Restrictions in Pazhur, which is Ward-9 in Chathamangalam panchayat, however, still continues.

“Ward 9 in the Chathamangalam panchayat will continue to be a containment zone. The decision was taken as per the direction of the medical board and the expert committee," state health minister Veena George said in a release.

Pazhur has 625 families. The village also had 49 ‘guest workers’ (an official terminology to describe migrant workers) but all of them left for their native places since the Covid-19 outbreak, EP Valsala, the elected member representing Ward-9, told Outlook.

Did Covid-19 experience help tackle Nipah?
Valsala says things didn’t go out of control here while dealing with the Nipah outbreak thanks to people’s experience of Covid-19.

“People were already wearing masks and following other Covid-19 protocols, which might have helped prevent spread of Nipah as well,” she said.

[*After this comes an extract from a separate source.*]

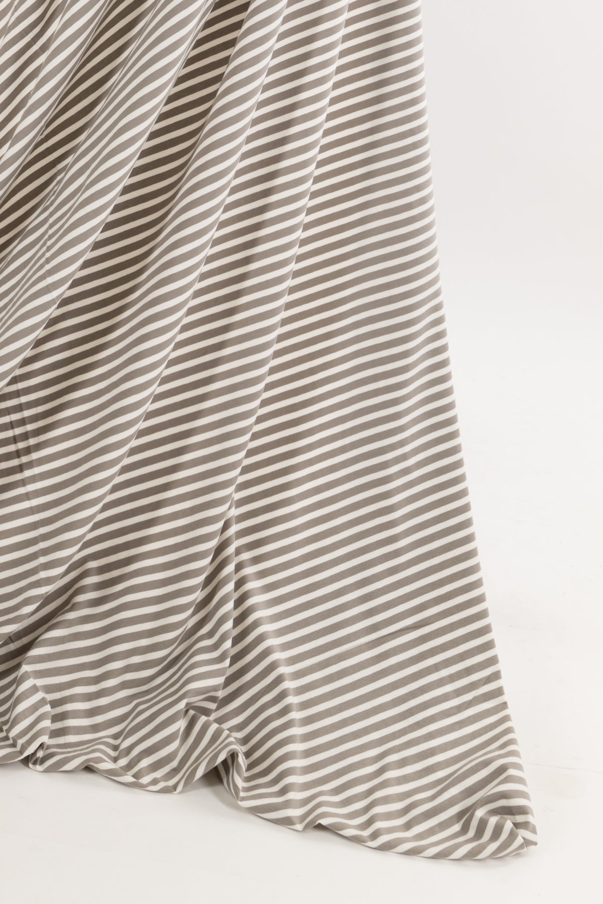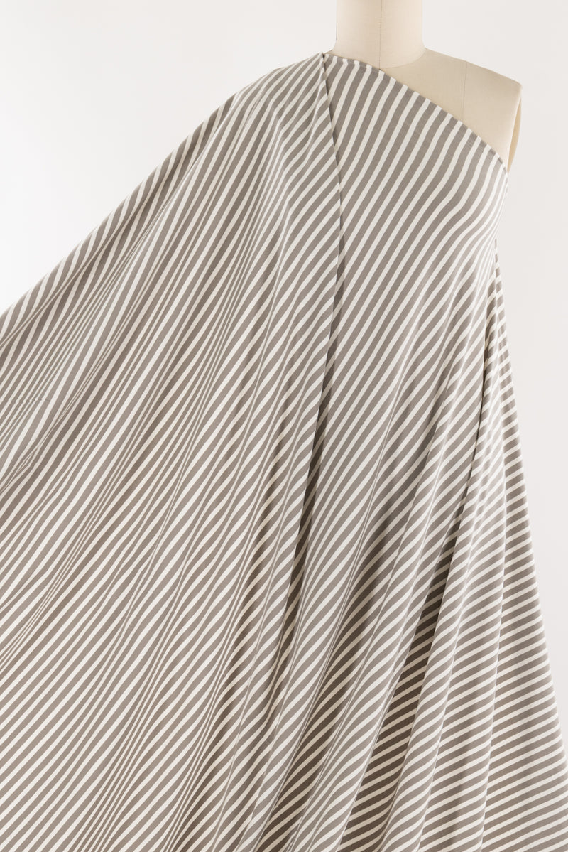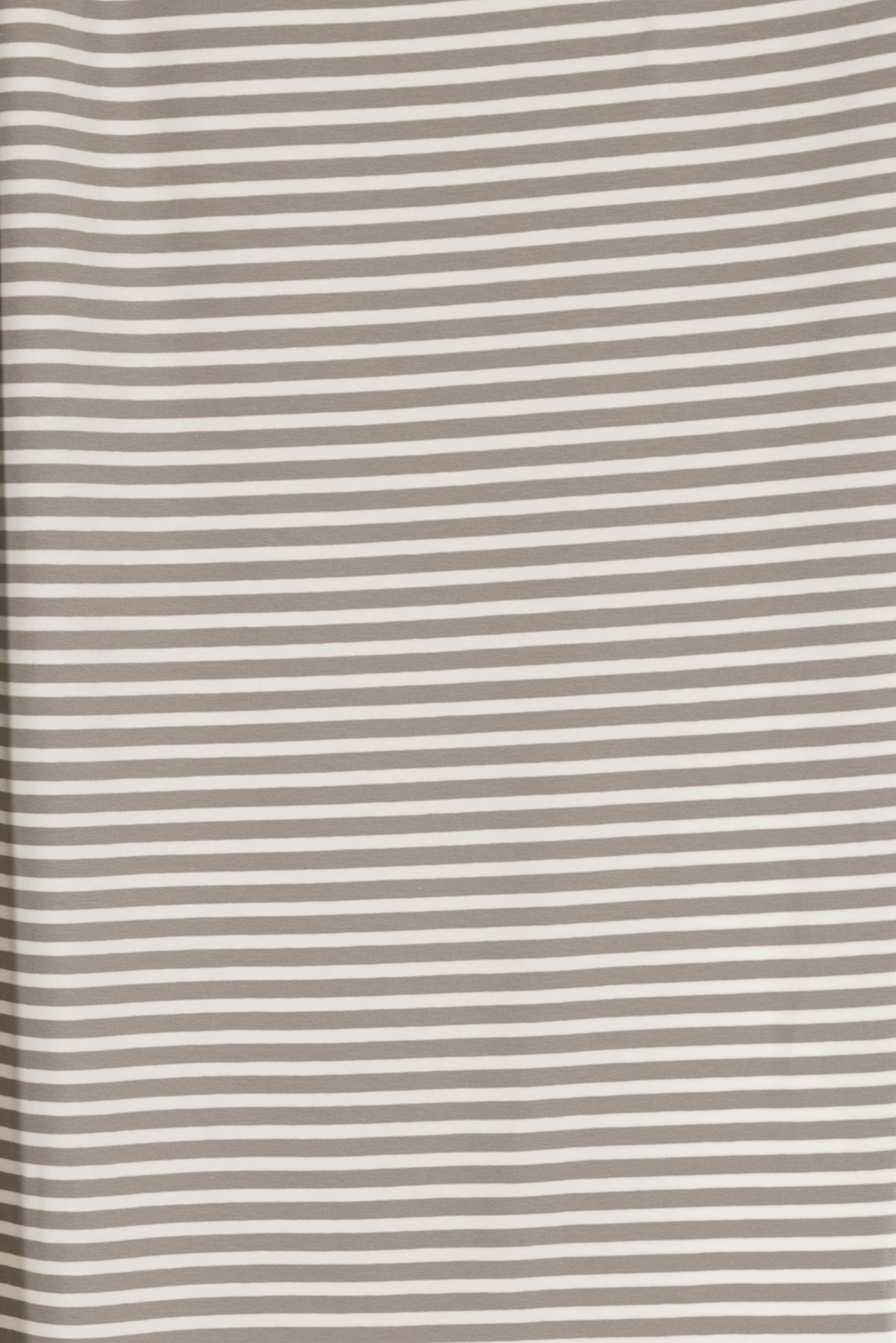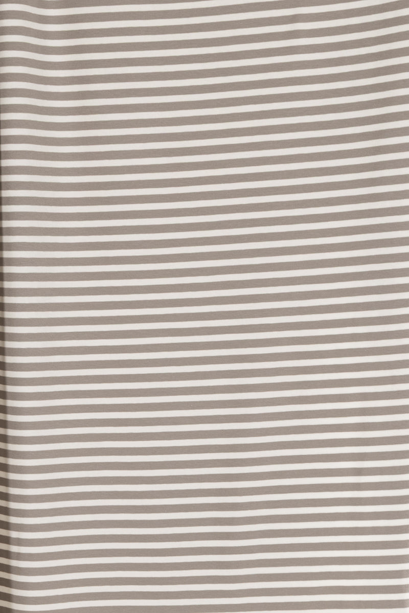 Charming gray/taupe and warm white stripes in a fine quality cotton spandex jersey produced in South Korea. Mid-weight with an appealing soft hand and drape, ½" repeat and 4-way stretch with some rolling at the cut edge. Right for a t-shirt, cardi, top, tunic, dress, skirt, soft pants, sweater, loungewear, kimono, caftan, jumpsuit, men's, children's clothes, or accents. Oeko-Tex® certified.

A similar line was echoed by Chathamangalam panchayat president Olikkal Gafoor and Junior Health Inspector (JHI) Abdu Rasheed, whose jurisdiction covers Pazhur basic section area, which includes Ward-9 and four other neighboring wards.

Rasheed also recalled how the situation caused panic in the pre-Covid times back in 2018 when Nipah outbreak was reported in Perambra in the same district. The Kozhikode Medical College, which is always a busy place, had worn a deserted look. People, scared of infection, had avoided every public place. There was 19 confirmed infections and 17 deaths with a fatality rate of 89.4 per cent. Two earlier Nipah outbreaks were reported in India in 2007 and 2001-- both cases in West Bengal.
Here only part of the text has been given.